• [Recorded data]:
- - - - - - -

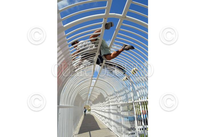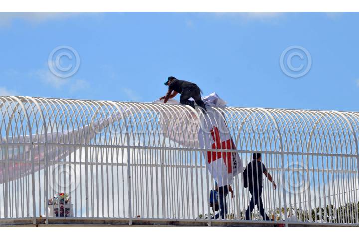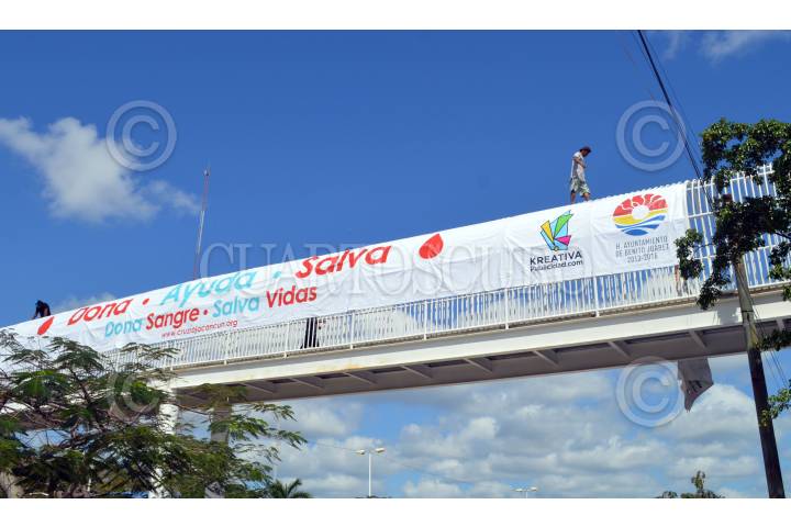CANCUN, QUINTANA ROO, 29FEBRERO2016.- Trabajadores contratados por una empresa privada que es arrendada por el ayuntamiento de Cancun, trabajan colocando mantas de publicidad sin ningún tipo de seguridad. FOTOS: ELIZABETH RUIZ /CUARTOSCURO.COM
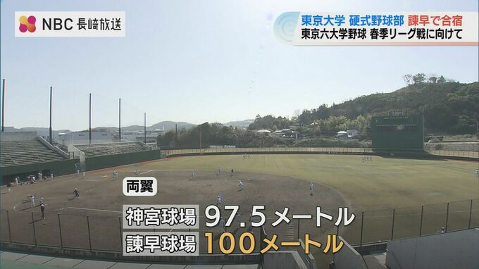東大の練習場はホームベースからレフト・ライトスタンドへの距離が90メートルに満たず、広さが十分に確保できないという悩みがあります。リーグ戦が行われる明治神宮野球場と同規模の施設を求めていたチームにとって、諫早の環境は理想的だったといいます。
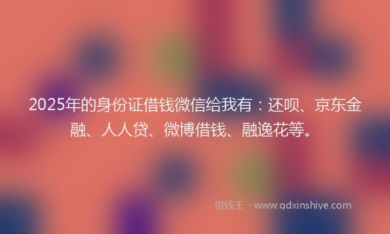 2025年的身份证借钱微信给我有:还呗、京东金融、人人贷、微博借钱、融逸花等。
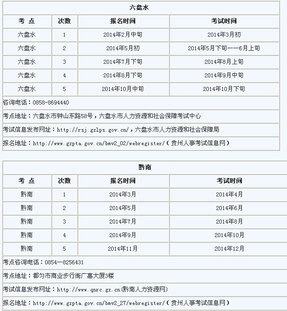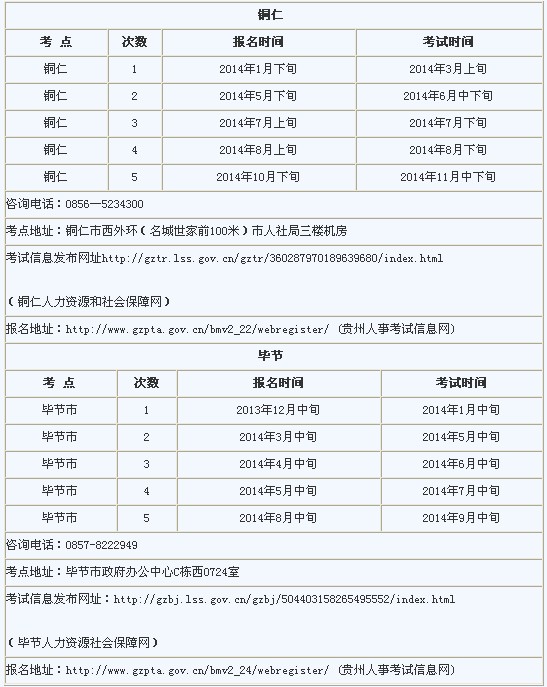 此計劃是結合省直及九個市(州)人事考試實際情況制定,一般不得變動,如遇國家法定節假日、公務員考試、事業單位考試、全國專業資格考試等大型考試需變更考試時間時,我們將及時在“貴州人事考試信息網”通報變更情況,考生可以到網站查詢。具體報名考試時間請以各市、州考試中心發布的通知為準。
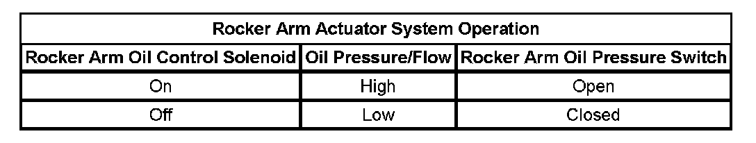 If there is an open or short in the rocker arm oil control solenoid or the solenoid electrical circuit, DTC P2648 or DTC P2649 sets. If the rocker arm oil pressure switch detects oil pressure when there should be no pressure, DTC P2647 sets. If the rocker arm oil pressure switch detects no oil pressure when there should be pressure, DTC P2646 sets.
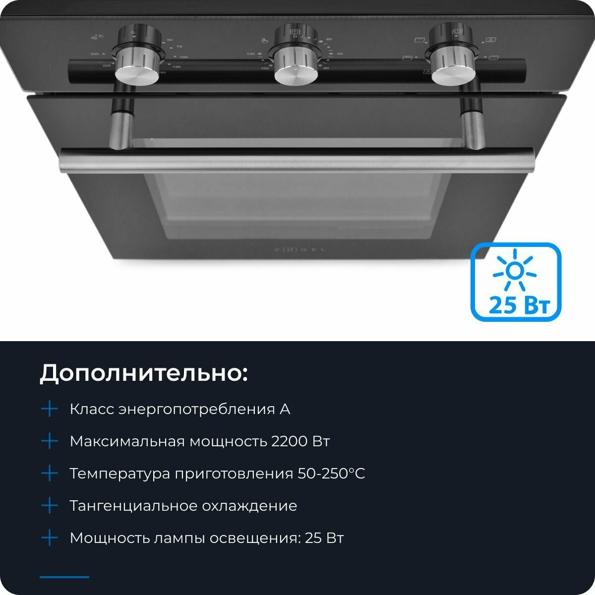 Духовой шкаф электрический встраиваемый ZUGEL ZOE451B, 2200 Вт, 50 л, утапливаемые регуляторы, таймер, класс энергопотребления А, эмаль, 6 режимов работы, конвекция + гриль, черный
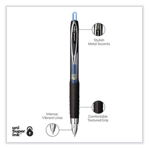 Stock your office, home or classroom with 207 Retractable Gel Pens from uni-ball featuring a 0.38 mm ultra micro point with a stainless steel tip that resists bending and breaking. Even-flowing, pigment-based gel ink delivers a smooth writing experience for intense, vibrant lines, ensuring that every mark is brilliantly communicated. Use these retractable gel pens for everyday writing tasks, check signing and all of your important signatures, trusting its quick-drying uni Super Ink. Innovative uni Super Ink technology effectively entraps the gel ink into the paper, producing fraud, fade and water-resistant documents that resist check washing or bleaching. The 0.38 mm ultra micro point produces neat and precise strokes for intricate writing, making it easy to create super fine details in your drawings and diagrams. A textured grip offers greater comfort and control as you continue writing, while a translucent ink window indicates the level of gel ink remaining, so you don't run out unexpectedly. The sleek design of the 207 with modern metal accents gives the retractable gel pen a stylish touch.
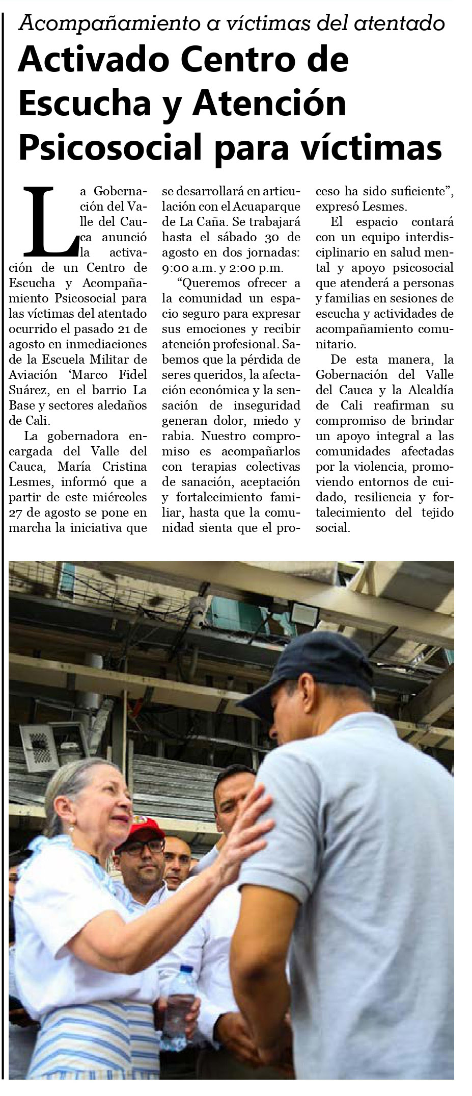 La Gobernación del Valle del Cauca anunció la activación de un Centro de Escucha y Acompañamiento Psicosocial para las víctimas del atentado ocurrido el pasado 21 de agosto en inmediaciones de la Escuela Militar de
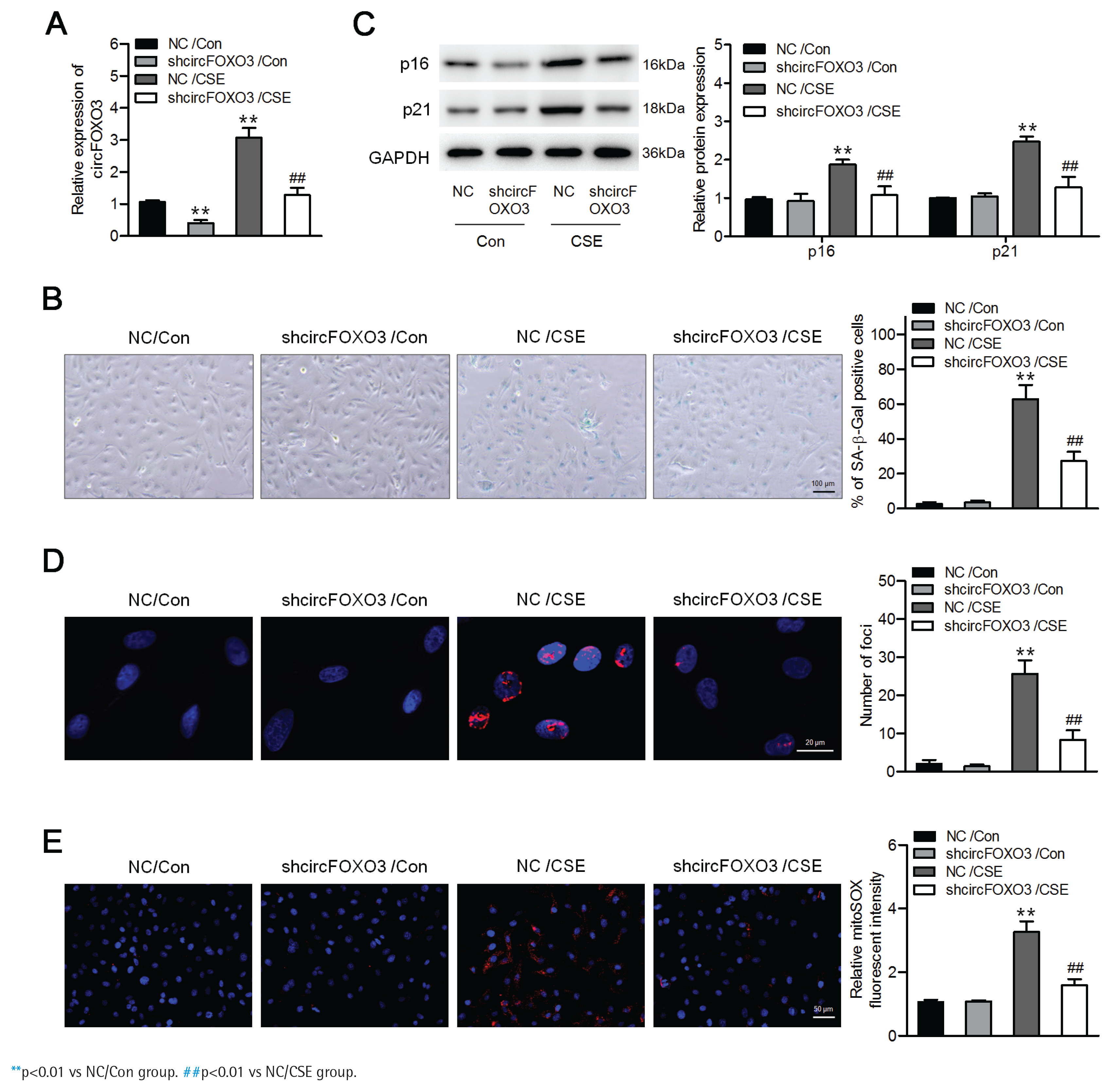 Downregulation of circFOXO3 suppressed CSE-induced senescence in MLE12 cells: A) MLE12 cells were infected with lentivirus carrying circFOXO3 shRNA (shcircFOXO3) or NC, and qPCR was used to determine circFOXO3 levels in these cells treated with or without 2.5% CSE for 24 h (n=3); B) SA-β-gal staining of the indicated cells (n=3); C) Western blotting was used to determine the expression levels of p16 and p21 in cells treated with or without 2.5% CSE (n=3); D) Immunofluorescence microscopy of γH2AX in the indicated cells (n=3); E) MitoSOX™ Red staining (n=3)
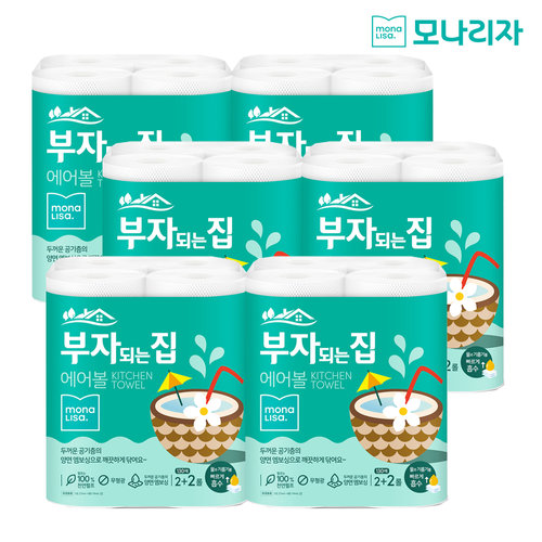 [리빙특가]모나리자 부자되는집 에어볼 키친타월 130매x4롤x6팩, 총 24롤
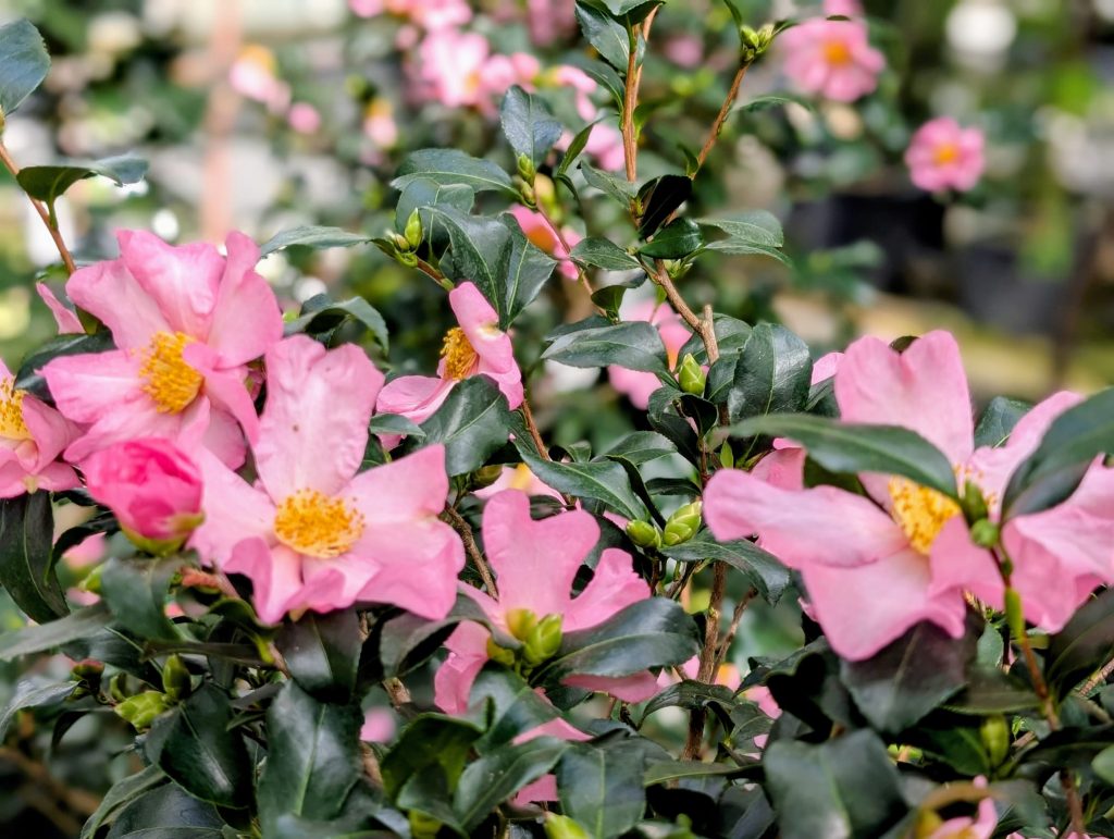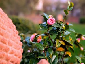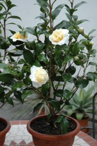Kamelien gehören ohne Zweifel zu meinen Lieblingspflanzen und jetzt im Herbst ist die beste Zeit, um neue Kameliensträucher zu pflanzen. Aber auch wer Kamelien im Topf kultivieren möchte, findet jetzt eine reiche Auswahl an verschiedenen Sorten, die sich in winterfesten Töpfen auf der Terrasse hübsch arrangieren lassen, um auch in der trüben und dunklen Jahreszeit nicht auf attraktive Terrassengestaltung verzichten zu müssen. Den Topf warm verpackt, können Kameliensträucher den Winter auf der Terrasse verbringen, wenn die meisten anderen Kübelpflanzen in das Winterquartier umziehen müssen. Im Winter zieht das dichte, dunkelgrüne Blattwerk den Blick hinaus auf die Terrasse und im zeitigen Frühjahr, wenn Blüten noch recht selten sind und daher umso sehnsüchtiger erwartet werden, warten Kameliensträucher sowohl auf der Terrasse als auch im Garten mit wunderschönen Blüten auf, die den Rosenblüten nicht nachstehen.
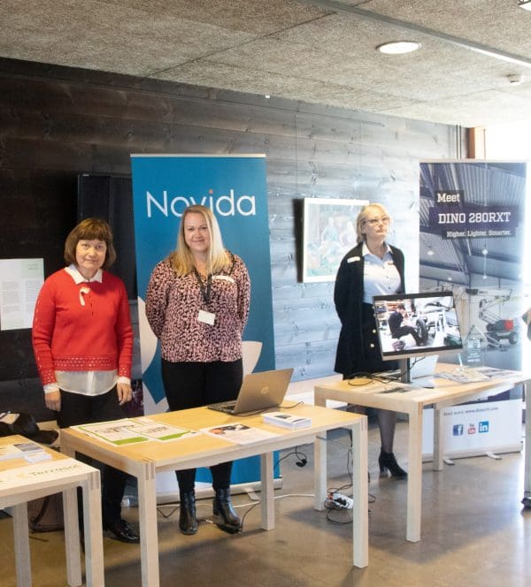 Novidan esittelypisteellä Anneli Frantti (vas.) ja Laura Kajander tarjoilivat koulutustietoa, viereisellä pisteellä on Dinoliftin henkilöstöpäällikkö Reija Högerman.
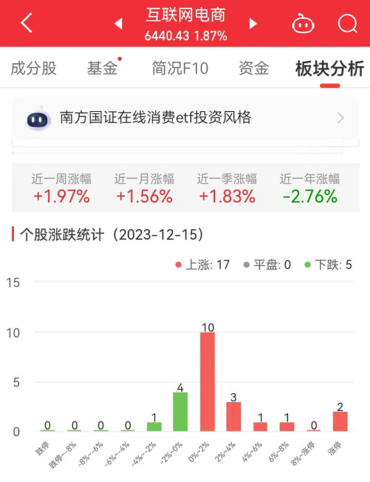 中国经济网北京12月15日讯 今日,互联网电商板块整体涨幅1.87%,其中,17只股票上涨,0只股票平盘,5只股票下跌。

- - - - - - -

• [Work request]: None of the pictures belong in the copy; transcribe the rest of the data exactly.

• [The completed task]:
CANCUN, QUINTANA ROO, 29FEBRERO2016.- Trabajadores contratados por una empresa privada que es arrendada por el ayuntamiento de Cancun, trabajan colocando mantas de publicidad sin ningún tipo de seguridad. FOTOS: ELIZABETH RUIZ /CUARTOSCURO.COM
東大の練習場はホームベースからレフト・ライトスタンドへの距離が90メートルに満たず、広さが十分に確保できないという悩みがあります。リーグ戦が行われる明治神宮野球場と同規模の施設を求めていたチームにとって、諫早の環境は理想的だったといいます。
 2025年的身份证借钱微信给我有:还呗、京东金融、人人贷、微博借钱、融逸花等。
 此計劃是結合省直及九個市(州)人事考試實際情況制定,一般不得變動,如遇國家法定節假日、公務員考試、事業單位考試、全國專業資格考試等大型考試需變更考試時間時,我們將及時在“貴州人事考試信息網”通報變更情況,考生可以到網站查詢。具體報名考試時間請以各市、州考試中心發布的通知為準。
 If there is an open or short in the rocker arm oil control solenoid or the solenoid electrical circuit, DTC P2648 or DTC P2649 sets. If the rocker arm oil pressure switch detects oil pressure when there should be no pressure, DTC P2647 sets. If the rocker arm oil pressure switch detects no oil pressure when there should be pressure, DTC P2646 sets.
 Духовой шкаф электрический встраиваемый ZUGEL ZOE451B, 2200 Вт, 50 л, утапливаемые регуляторы, таймер, класс энергопотребления А, эмаль, 6 режимов работы, конвекция + гриль, черный
 Stock your office, home or classroom with 207 Retractable Gel Pens from uni-ball featuring a 0.38 mm ultra micro point with a stainless steel tip that resists bending and breaking. Even-flowing, pigment-based gel ink delivers a smooth writing experience for intense, vibrant lines, ensuring that every mark is brilliantly communicated. Use these retractable gel pens for everyday writing tasks, check signing and all of your important signatures, trusting its quick-drying uni Super Ink. Innovative uni Super Ink technology effectively entraps the gel ink into the paper, producing fraud, fade and water-resistant documents that resist check washing or bleaching. The 0.38 mm ultra micro point produces neat and precise strokes for intricate writing, making it easy to create super fine details in your drawings and diagrams. A textured grip offers greater comfort and control as you continue writing, while a translucent ink window indicates the level of gel ink remaining, so you don't run out unexpectedly. The sleek design of the 207 with modern metal accents gives the retractable gel pen a stylish touch.
 La Gobernación del Valle del Cauca anunció la activación de un Centro de Escucha y Acompañamiento Psicosocial para las víctimas del atentado ocurrido el pasado 21 de agosto en inmediaciones de la Escuela Militar de
 Downregulation of circFOXO3 suppressed CSE-induced senescence in MLE12 cells: A) MLE12 cells were infected with lentivirus carrying circFOXO3 shRNA (shcircFOXO3) or NC, and qPCR was used to determine circFOXO3 levels in these cells treated with or without 2.5% CSE for 24 h (n=3); B) SA-β-gal staining of the indicated cells (n=3); C) Western blotting was used to determine the expression levels of p16 and p21 in cells treated with or without 2.5% CSE (n=3); D) Immunofluorescence microscopy of γH2AX in the indicated cells (n=3); E) MitoSOX™ Red staining (n=3)
 [리빙특가]모나리자 부자되는집 에어볼 키친타월 130매x4롤x6팩, 총 24롤
Kamelien gehören ohne Zweifel zu meinen Lieblingspflanzen und jetzt im Herbst ist die beste Zeit, um neue Kameliensträucher zu pflanzen. Aber auch wer Kamelien im Topf kultivieren möchte, findet jetzt eine reiche Auswahl an verschiedenen Sorten, die sich in winterfesten Töpfen auf der Terrasse hübsch arrangieren lassen, um auch in der trüben und dunklen Jahreszeit nicht auf attraktive Terrassengestaltung verzichten zu müssen. Den Topf warm verpackt, können Kameliensträucher den Winter auf der Terrasse verbringen, wenn die meisten anderen Kübelpflanzen in das Winterquartier umziehen müssen. Im Winter zieht das dichte, dunkelgrüne Blattwerk den Blick hinaus auf die Terrasse und im zeitigen Frühjahr, wenn Blüten noch recht selten sind und daher umso sehnsüchtiger erwartet werden, warten Kameliensträucher sowohl auf der Terrasse als auch im Garten mit wunderschönen Blüten auf, die den Rosenblüten nicht nachstehen.
 Novidan esittelypisteellä Anneli Frantti (vas.) ja Laura Kajander tarjoilivat koulutustietoa, viereisellä pisteellä on Dinoliftin henkilöstöpäällikkö Reija Högerman.
 中国经济网北京12月15日讯 今日,互联网电商板块整体涨幅1.87%,其中,17只股票上涨,0只股票平盘,5只股票下跌。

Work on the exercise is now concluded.